Bug 1099068

Summary:	[scale] monitoring: separate VDS and VM monitoring
Product:	[oVirt] ovirt-engine	Reporter:	Roy Golan <rgolan>
Component:	General	Assignee:	Roy Golan <rgolan>
Status:	CLOSED CURRENTRELEASE	QA Contact:	Eldad Marciano <emarcian>
Severity:	high	Docs Contact:
Priority:	high
Version:	---	CC:	bugs, gklein, istein, laravot, michal.skrivanek, mkalinin, rbalakri, rgolan, yeylon, yobshans
Target Milestone:	ovirt-3.6.0-rc	Flags:	rule-engine: ovirt-3.6.0+ ylavi: planning_ack+ rule-engine: devel_ack+ gklein: testing_ack+
Target Release:	3.6.0
Hardware:	Unspecified
OS:	Unspecified
Whiteboard:
Fixed In Version:	ovirt-engine-3.6.0-0.0.master.20150412172306.git55ba764	Doc Type:	Enhancement
Doc Text:	Separation of VM and Host monitoring increases robustness and performance of large scale deployments. Several issues when hosts became non-responsive were fixed, now such hosts do not affect the rest of the system	Story Points:	---
Clone Of:
Clones:	1099081 (view as bug list)		Environment:
Last Closed:	2016-03-11 07:18:46 UTC	Type:	Bug
Regression:	---	Mount Type:	---
Documentation:	---	CRM:
Verified Versions:		Category:	---
oVirt Team:	Virt	RHEL 7.3 requirements from Atomic Host:
Cloudforms Team:	---	Target Upstream Version:
Embargoed:
Bug Depends On:
Bug Blocks:	1099081

Description Roy Golan 2014-05-19 12:21:17 UTC

Description of problem:

stalling calls to VDSM from withing a monitoring cycle might delay other important monitoring stuff, such as storgae domain monitoring.

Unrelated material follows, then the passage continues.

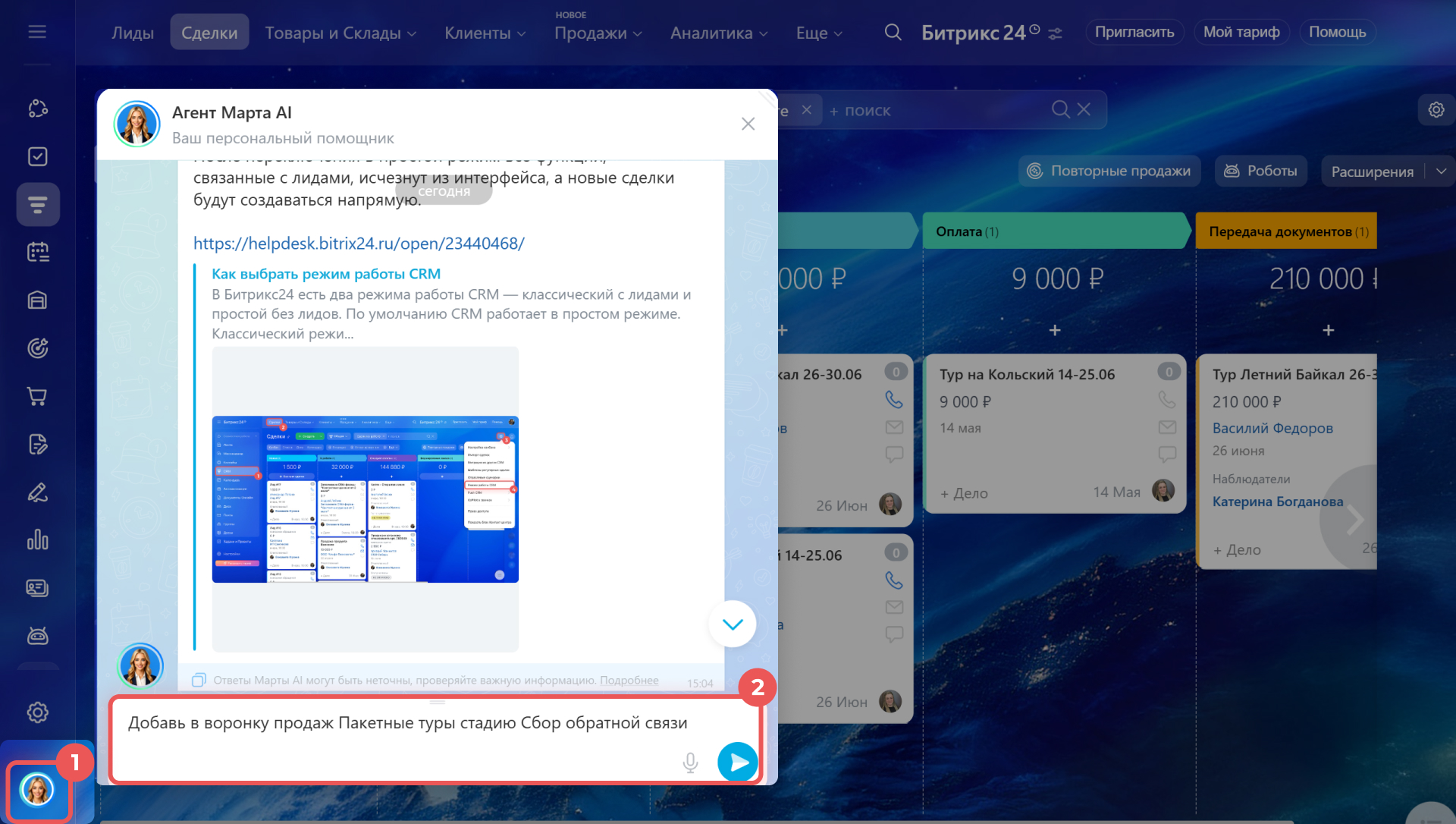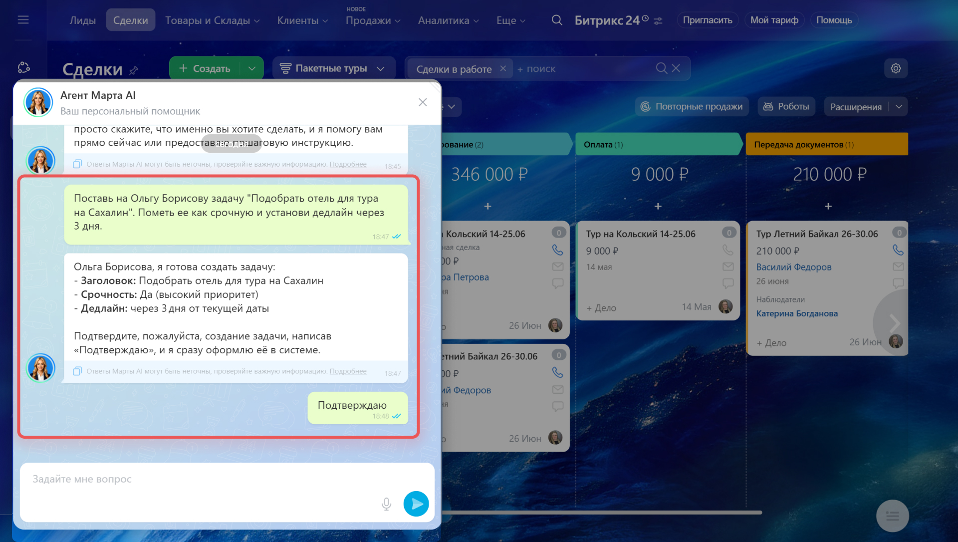 - В чате с Мартой AI можно управлять инструментами Битрикс24. Напишите, что нужно сделать, персональный помощник уточнит детали, запросит подтверждение действий и выполнит их.

Version-Release number of selected component (if applicable):


How reproducible:
always - e.g when a VM was shutdown and VURTI needs to send a destory to VDSM 
and the call stalls then the whole VURTI thread is stuck

Steps to Reproduce:
1. create some timout in the destroy call and see domain monitroing isn't being called while at it
2.
3.

Actual results:
other calls to VDSM couldn't be called, while the vds manager lock is held and 1 out of 2 connections to VDSM is not available

Expected results:
VURTI thread shouldn't stall on call to VDSM for VM realted stuff.
VURTI shall contain VDS only related logic and thus won't need to call VDSM for other VM related call
VdsManager lock should be free while VDSM calls are in progree and not complete (i.e throughout the lifetime of the network use)

Additional info:

Comment 1 Yuri Obshansky 2016-02-15 09:23:35 UTC

How to reproduce and verify this bug?

Comment 2 Roy Golan 2016-02-15 11:43:44 UTC

Exactly like said in the description, after this fix, a slow shutdown vm shouldn't stall the domain monitoring thread. Thus the host won't go into non-operational etc...

So, you can either load the system with shutdown vm calls, hack a host to replay with a delay to shutdown and see that the system behaves.

Comment 3 Eldad Marciano 2016-02-18 12:42:29 UTC

related to this thread.
i added 120 sec delay in shutdown and destroy VM methods in vdsm.
while the shutdown is running refresh vds capabilities were executed from the engine.
no issues were found.
this scenario is fair enough ?

Comment 4 Roy Golan 2016-02-21 10:47:47 UTC

(In reply to Eldad Marciano from comment #3)
> related to this thread.
> i added 120 sec delay in shutdown and destroy VM methods in vdsm.
> while the shutdown is running refresh vds capabilities were executed from
> the engine.
> no issues were found.
> this scenario is fair enough ?

Yes that should do the job. Now you need to verify that the update of the pool domains is performed by the Host Monitoring cycle independent of 120 sec stall.
Since I don't see a specific log to it, @Liron please give a direction on how to verify that VdsManager.ontimer - IrsBrokerCommand.updateVdsDomainsData(cachedVds, storagePoolId, domainsList);
is actually called?

Comment 5 Liron Aravot 2016-02-21 14:19:20 UTC

You can create a problematic domain report (by blocking the connection for some domain for example), you'll get an engine report that the domain is in problem, then you can perform the operation you added the delay on and unblock the domain.
when the updateVdsDomainsData() method is called it should log that the domain has recovered from problem.

Comment 6 Eldad Marciano 2016-02-23 11:40:27 UTC

once storage blocked a vm shutdown (with latency of 120sec).
storage unblocked, and recover messages logged into engine log.
"recovered from problem. vds: 'host20-*"
once the delay for the vm passed, the vm shutdown correctly.

moving to verified on top of 3.6.3